Robin Hanson posted something titled “Stories Are Like Religion” in which he examines the (my crude paraphrasing here) elevating nature of fantasy and make-believe.
At our core, we are an escapist species, and I would venture to guess the only species capable of “unreality.” Unreality is the source of great industry and wealth and those who learn to market their vision of unreality become so wealthy that their lives essentially mimic unreality for the rest of us who never fostered such skills. The problem with most of us is that we regurgitate reality because we chase a reality we only know of. Unreality is frightening, erratic, and undependable, and for some people, contrary to their goals and values.
The first paragraph of Hanson’s post struck my eye for a specific reason having nothing to do with unreality (or the “story” as he terms it).
Small children (age 4-6) who were exposed to a large number of children’s books and films had a significantly stronger ability to read the mental and emotional states of other people. … The more absorbed subjects were in the story, the more empathy they felt, and the more empathy they felt, the more likely the subjects were to help when the experimenter “accidentally” dropped a handful of pens… Reading narrative fiction … fosters empathic growth and prosocial behavior.
The bold letters are my own.
“Prosocial” behavior was interesting to me because I believe I am one of those former 4 to 6 year olds who surrounded himself with nothing but books. I even tried to craft some rudimentary books by folding paper and stapling the folds while my childish yarns graced the irregular pages. I can attest to this in that I consider myself a master interpreter of human motives and emotions. Some people mistakenly call this intuition. I don’t like the word intuition because it seems to connote magic or psychic powers.
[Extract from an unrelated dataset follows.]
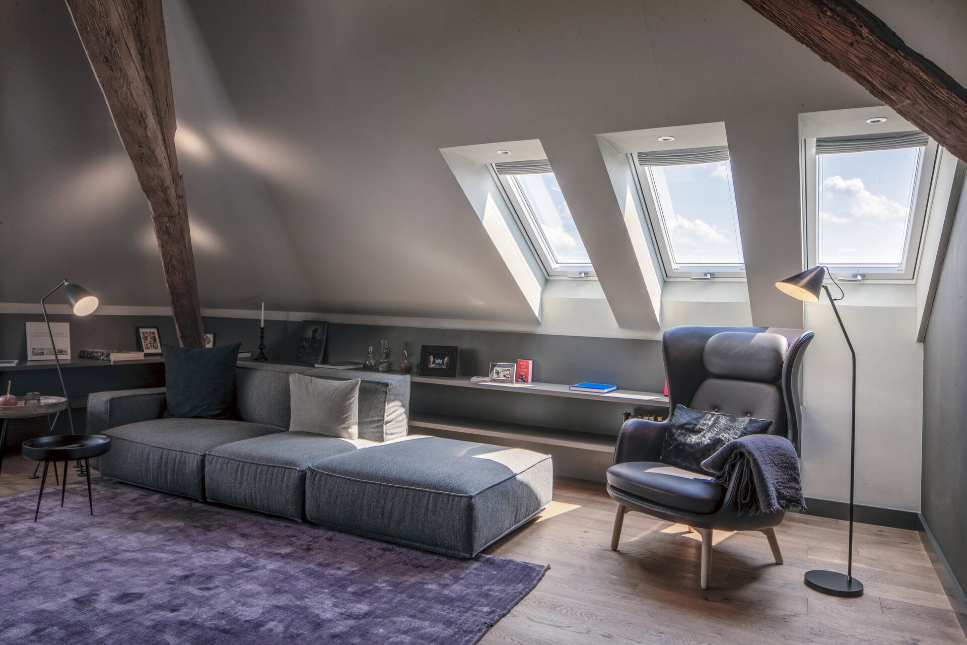 Unter freigelegten Holzbalken erstreckt sich die Rooftop Suite über 75m². Die einladenden, privaten Räumlichkeiten wurden geschickt mit einem separaten Wohn- und Esszimmer, einem Badezimmer en Suite mit freistehender Badewanne, Dusche und Toilette abgegrenzt. Die eingebauten Dachfenster eignen sich optimal zum Betrachten des Sternenhimmels. Veredeltes Interieur und eine Mischung von sorgfältig ausgewählten, handgemachten Möbelstücken und Kunstwerken sowie eine kleine zimmerinterne Bibliothek runden die Rooftop Suite ab.

I don’t believe in this stuff, but I do believe many people have intuition in the respect that they understand people so well that they can anticipate behavior before it happens. I consider myself one of this group. And if I had to ascribe my “skill” to anything, based on this paragraph, the early immersion in books fits.
The part that initially scared me was the “prosocial” thing. I can even allow for a great deal of empathy on my part…to a fault.
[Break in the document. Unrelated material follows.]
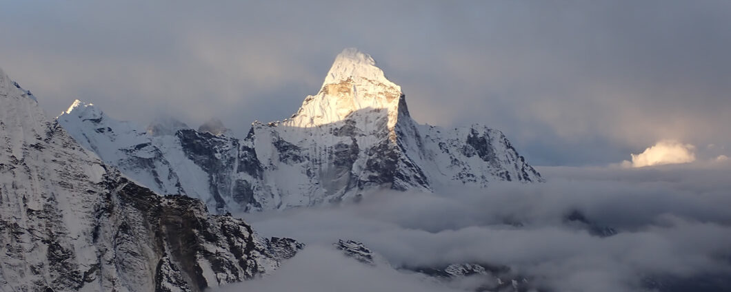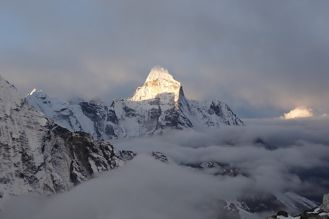 Mirando hacia arriba y girando la vista un poco hacia la derecha, descubrimos el glaciar como baja de la cima de la montaña, y más arriba, una de la puntas del glaciar, la cima de la misma… ¡Vamos, que la tenemos ahí! En la parte que estamos es muy empinada y escarpada como para que se quede colgado, pegado el hielo, y poco más arriba la montaña es más suave como para crear o formar un plateau. El sol comienza a iluminar algunas montañas y nos regala una postal iluminando el Ama Dablam. Es precioso.

Prosocial is not what it seems. Let it be known that I did not open up Wikipedia or Google to find the objective definition of prosocial. I’m going with the flow, with my instincts. “Prosocial” does not connote that you favor a social life. In fact, prosocial is the antithesis to “anti-social” personality disorder which is entirely different than what it connotes. In fact, people always make the mistaken assumption that if you don’t like to talk to people, you are antisocial. This is false. It means you are “asocial” but not antisocial. Antisocial is a personality disorder characterized by risky and criminal behavior. These people might very well love crowds and talking. But clinically, they are antisocial. Conversely, I believe the prosocial moniker does not imply you adore the social life. Prosocial is not about being a social butterfly.
Rather, I thought of it differently in my own context of life.
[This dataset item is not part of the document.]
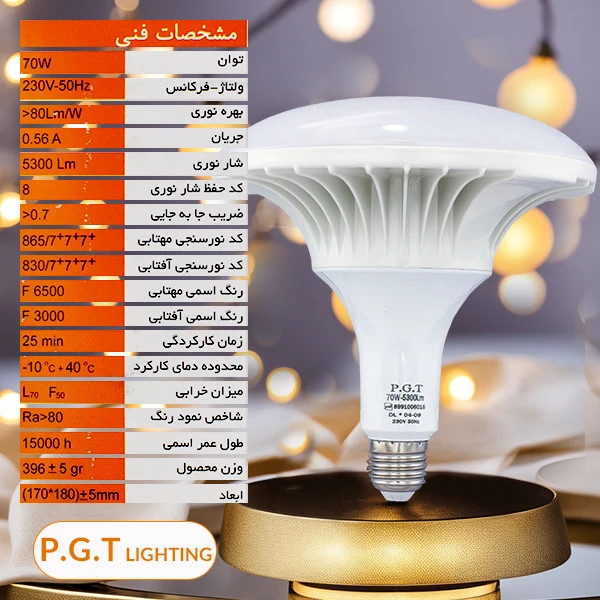 مشخصات لامپ سفینه ای 70 وات PGT

I am prosocial in that I understand and comprehend the social dynamics of humans. Do I enjoy or relish it? Fuck no!
I don’t like being around people, I don’t like talking, and I’m bothered by everything incisively human. But I get them. Unlike the normal Aspy or pathological sociophobic person, I fully understand how people work, how they tick, and why tick like they do. I am prosocial because I embrace your behavior as an artifact of civilization. This is what reading a lot at 4-6 years of age opened my eyes to, and made me see the rest of my life. I know a lot of people who love “socializing” but they are not prosocial.